I proudly call myself a luddite, laughingly label myself a techno-wiener but really I’m embarrassed by my lack of technical savvy. It’s grounded in a set of fears that run long and deep, a complete lack of interest, and a sense of anxiety and exhaustion that comes over me whenever I am pointed to a set of technical instructions.
My preferred option “Can you do it for me?” is only reluctantly followed by “Can you show me?” Reading the manual and learning it myself is a distant third. My first response to technical challenge is to take my hands off the wheel and my foot off the pedal - while driving. I have a vague recollection of doing just that at 16 years old, on Highway 401 in a driver’s ed car. Luckily the teacher had his own set of pedals.

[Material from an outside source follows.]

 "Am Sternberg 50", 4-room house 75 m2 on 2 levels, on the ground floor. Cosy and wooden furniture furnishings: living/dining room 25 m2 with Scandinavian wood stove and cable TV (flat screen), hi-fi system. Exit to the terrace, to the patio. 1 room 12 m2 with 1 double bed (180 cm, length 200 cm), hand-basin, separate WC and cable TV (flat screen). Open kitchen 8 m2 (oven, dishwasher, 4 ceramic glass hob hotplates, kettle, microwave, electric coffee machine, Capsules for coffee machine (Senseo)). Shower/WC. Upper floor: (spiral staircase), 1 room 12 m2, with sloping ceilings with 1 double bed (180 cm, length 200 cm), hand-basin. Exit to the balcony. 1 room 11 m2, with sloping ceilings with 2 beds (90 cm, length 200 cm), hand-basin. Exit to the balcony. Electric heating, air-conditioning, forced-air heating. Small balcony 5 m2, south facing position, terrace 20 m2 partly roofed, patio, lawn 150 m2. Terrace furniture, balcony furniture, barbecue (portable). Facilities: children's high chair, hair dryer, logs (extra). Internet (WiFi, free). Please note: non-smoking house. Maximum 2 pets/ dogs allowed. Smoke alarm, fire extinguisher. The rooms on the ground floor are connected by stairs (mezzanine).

The other day my friend-of-a-friend Jay read my newborn blog, commented that he really like it (thanks Jay!!) and asked why I was using drupal, when wordpress.com or wordpress.org were far superior programs. That very morning my friend Alanna Cavanagh, a wonderful artist and illustrator who has a great blog (http://alannacavanagh.blogspot.com/) was telling me that she uses a simple program called blogger.

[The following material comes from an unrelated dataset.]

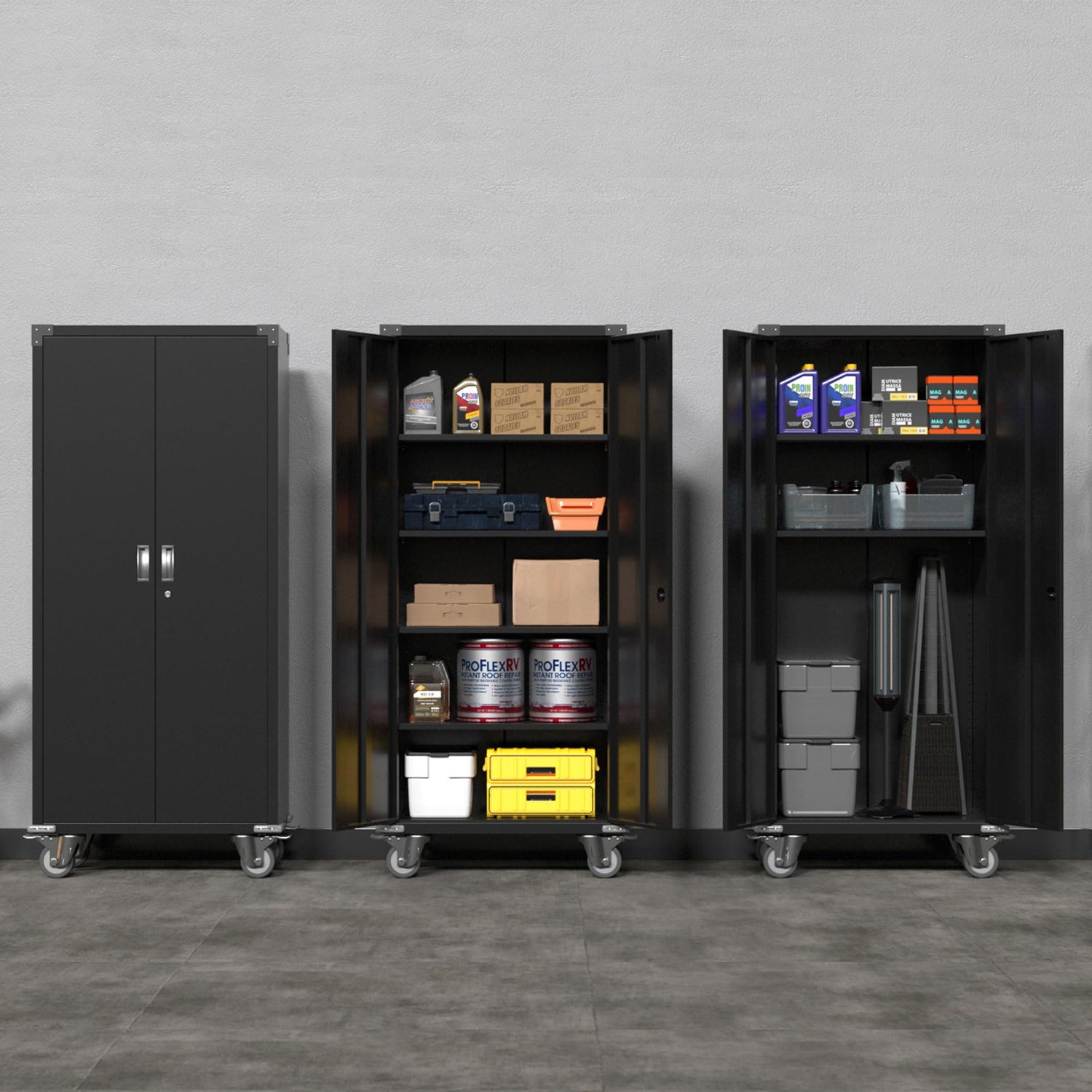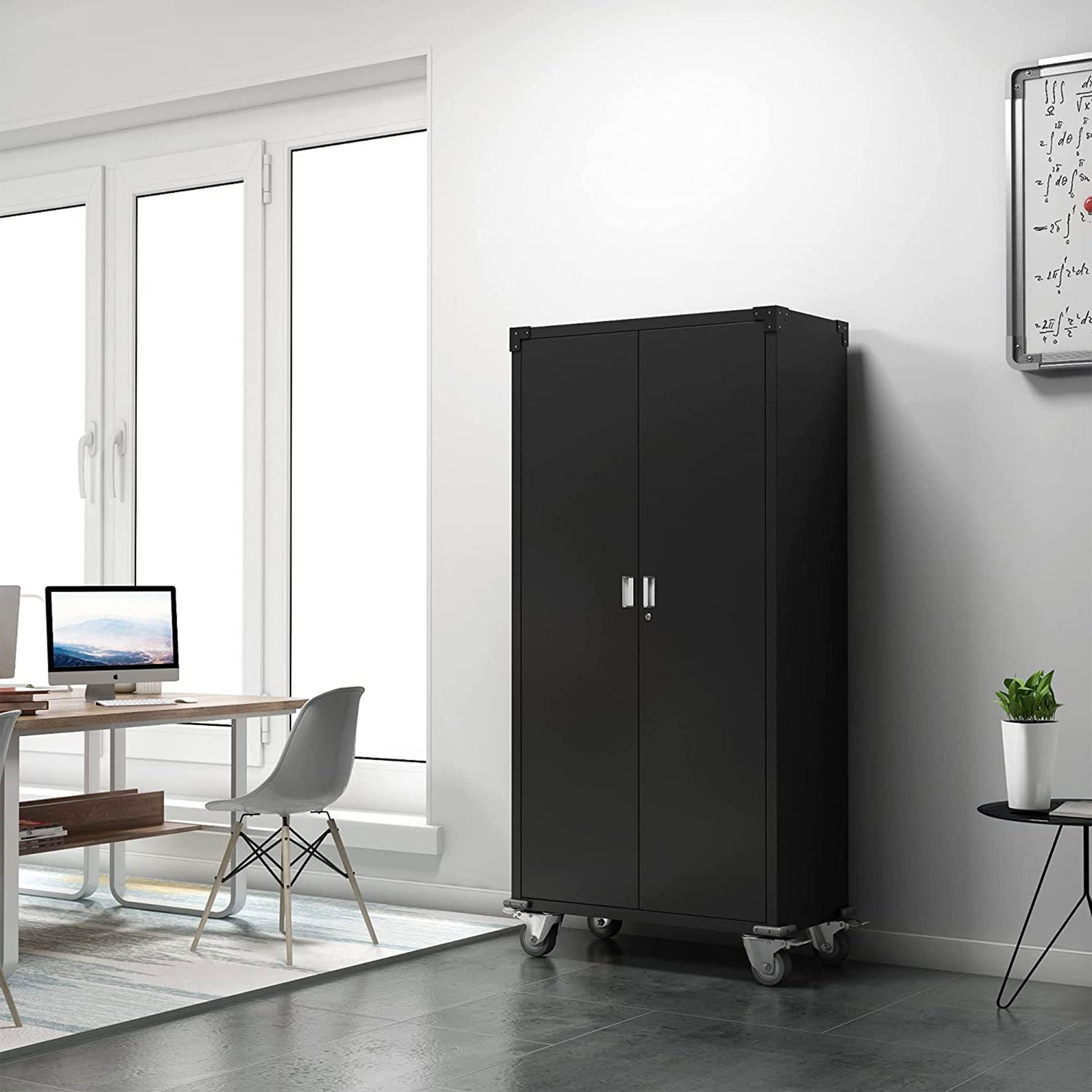 Details: Keep hazardous materials or important documents safe in your home or office with the Rolling Locking Metal Storage Cabinet with Adjustable Shelves from Aobabo. This storage cabinet features 5 shelves total and 4 shelves that can be adjusted up or down to accommodate larger or taller items. Both doors lock shut to keep the contents secure and have high-quality handles for easy opening. With a durable steel design and 4 rubber casters, this black cabinet is a great portable storage option for garages, offices, pantries, or anywhere else you need secure storage in your home. This cabinet features angle stiffener corners, making the entire structure stronger and more stable as it moves. 2 keys are also included, so you can still open the cabinet if 1 key is lost. This storage cabinet measures 32.3 inches long, 16 inches wide, and 72 inches tall to keep things safe in your home or office space. Securely organize your garage, office, or other areas in your home with the Rolling Locking Metal Storage Cabinet with Adjustable Shelves from Aobabo.

“It’s not a web site like yours is," she said "but it’s really easy to use.”
I have a website? I thought I had a blog. And the next morning on f/b someone named Leigh that I don’t (yet) know threw in her two cents worth “Tumblr is easy breezy”. A quick google search told me Tumblr offers something called bookmarklets. How cute is that?
I started to panic. What do I do now? Tumblr, wordpress, blogger, drupal? I feel paralyzed by things I’m not convinced I need to care about. Choice, while conceptually ideal, can be practically befuddling. I felt overwhelmed by the myriad options on the menu at Fresh restaurant the other day. (I got over it.) I believe that the ratio of befuddlment:choice correlates directly to familiarity. I know what tempeh is (sort of), as for wordpress…
Being in control of my technical environment has never been a priority. I approach it on a need to know basis and define “need” in narrow terms. I’m like that with a lot of information. Disinclined to dig down, happy to skim along the surface. I left grad school when I realized there was a serious incongruity between my relationship to detail and that of the academy.
It took me 7 years of fantasizing (vaguely) about skype before Bryan said to me “just click here”. Really it was that simple. All the tools for free long distance at my disposal and I'd been going merrily along, year after year, paying one of my Oh so favourite companies, Bell, for the privilege.
The other night I was out with my friend Jeremy, a mathematician at the University of Toronto. A colleague of his walked into the restaurant. "That's John Mighton," he said."He's blowing the lid off the way math is taught." Mighton has written a book called The Myth of Ability that outlines his program Jump Math, a new way to teach math to kids that looks to be eliminating the bell curve, calling into question that "oh she/he's just good at math" assumption. (http://opinionator.blogs.nytimes.com/2011/04/18/a-better-way-to-teach-math/)
Simply put the approach breaks problems into minute steps. Currently math teaching assumes leaps many of us don’t make on our own. I hated math in high school. It scared me and that fear of math and technology in general left me without inclination to demystify it for myself. Some people dive in to conquer the unknown. Well I dive too – head right into the sand.
And here I am now a blogger. Might this coupling of technology and writing be the 12-step program I need to get over the fear? Might I soon know exactly what it is I don’t need to know? So, hand held tightly (don't let go Bryan), bright yellow life jacket strapped on, nose plugged, I'm taking the leap.